GPTNERMED 다운로드 GPTNERMED 소스 코드 다운로드

GPTNERMED

AI 소스 코드

1.0.0

다운로드

gptnermed

에 대한

GPTNERMED는 의료 자연어 처리 (NLP)의 독일 텍스트에 대한 신경 개방형 합성 데이터 세트 및 NER (Neural) 명명-엔티티-인식 (NER) 모델입니다.

주요 기능 :

지원되는 레이블 : 메디 믹 화 , 도미 , 진단
오픈 실버 스탠다드 독일 의료 데이터 세트 : 245107 도미스 ( #7547 ), 메디 니케이션 ( #9868 ) 및 진단 ( #5996 )에 대한 주석이있는 토큰.
GPT Neox를 기반으로 합성 된 데이터 세트
Gbert-Large , Gottbert-Base 또는 German-Medbert를 사용한 NER 파싱에 대한 양도 학습
개방형, 모델에 대한 공개 액세스

온라인 데모 : 데모 페이지를 사용할 수 있습니다 : 데모 또는 아래에 주어진 huggingface 링크를 사용하십시오.

게시 된 논문은 https://doi.org/10.1016/j.jbi.2023.104478을 참조하십시오.

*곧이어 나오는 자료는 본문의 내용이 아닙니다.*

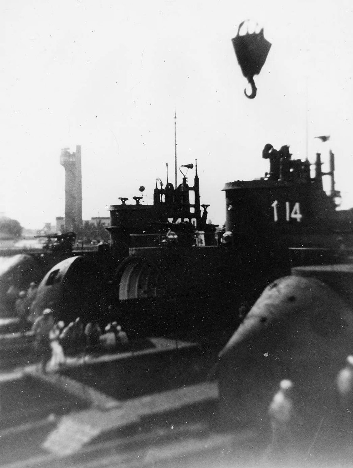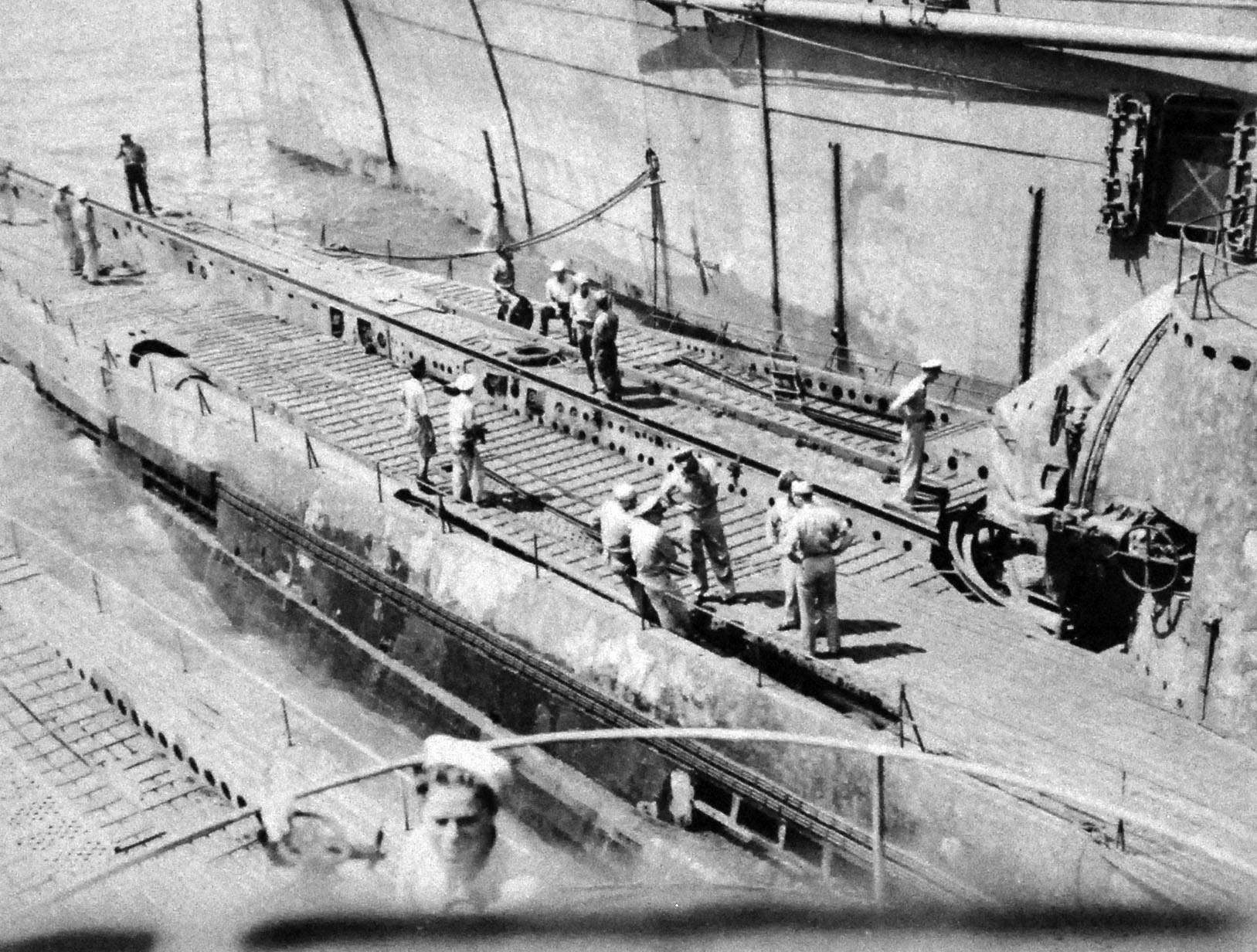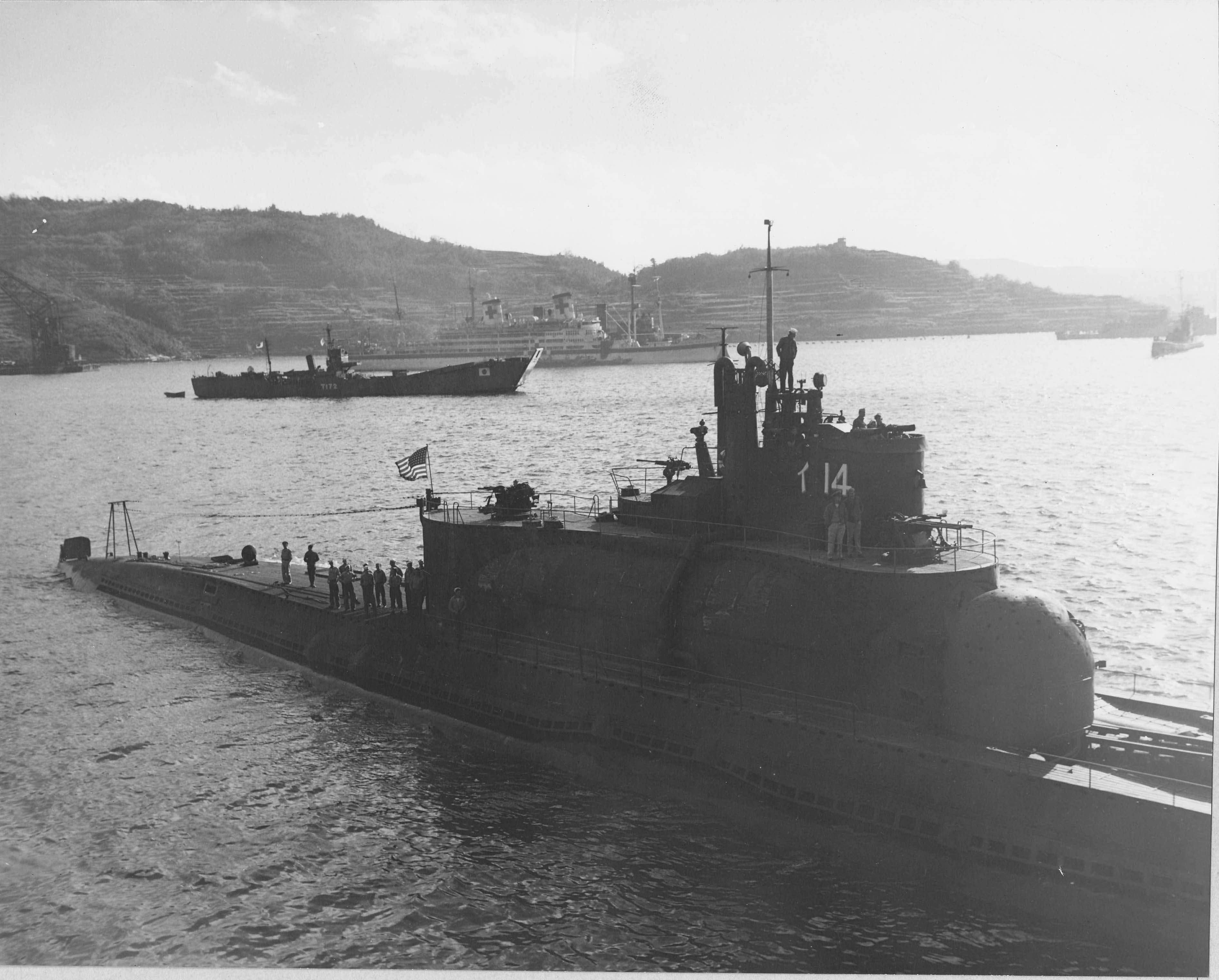![]() | 876k | I-14 as seen from the Euryale (AS-22), 5 November 1945. In the background is a hospital ship and a landing craft. |

프리 프린트 용지는 https://arxiv.org/pdf/2208.14493.pdf에서 구입할 수 있습니다.

NER 데모 :

모델

사전 제한 모델은 다음 URL에서 검색 할 수 있습니다.

Gbert 기반 : 모델 링크
Gottbert 기반 : 모델 링크
독일-메드 버트 기반 : 모델 링크

이 모델은 Huggingface 플랫폼에서도 사용할 수 있습니다.

Gbert 기반 : Huggingface 링크
Gottbert 기반 : Huggingface 링크
독일 Medbert 기반 : Huggingface Link

Huggingface 데이터 세트 : 데이터 세트는 Huggingface 데이터 세트로도 제공됩니다.
다음과 같이 모델을로드 할 수 있습니다.

 # You need to install datasets first, using: pip install datasets
from datasets import load_dataset
dataset = load_dataset ( "jfrei/GPTNERMED" )

점수

참고 : 메트릭 점수는 문자 별 분류로 평가됩니다.

분포 데이터 세트 ( OoD-dataset_GoldStandard.jsonl 에 제공됨) :

모델	메트릭	마약 = 중학
Gbert-Large	PR	0.707
	답장	0.979
	F1	0.821
Gottbert-Base	PR	0.800
	답장	0.899
	F1	0.847
독일-메드 베르트	PR	0.727
	답장	0.818
	F1	0.770

테스트 세트 :

모델	메트릭	중간	진단	도미	총
Gbert-Large	PR	0.870	0.870	0.883	0.918
	답장	0.936	0.895	0.921	0.919
	F1	0.949	0.882	0.901	0.918
Gottbert-Base	PR	0.979	0.896	0.887	0.936
	답장	0.910	0.844	0.907	0.886
	F1	0.943	0.870	0.897	0.910
독일-메드 베르트	PR	0.980	0.910	0.829	0.932
	답장	0.905	0.730	0.890	0.842
	F1	0.941	0.810	0.858	0.883

설정 및 사용

모델은 Spacy를 기반으로합니다. 샘플 코드는 Python으로 작성되었습니다.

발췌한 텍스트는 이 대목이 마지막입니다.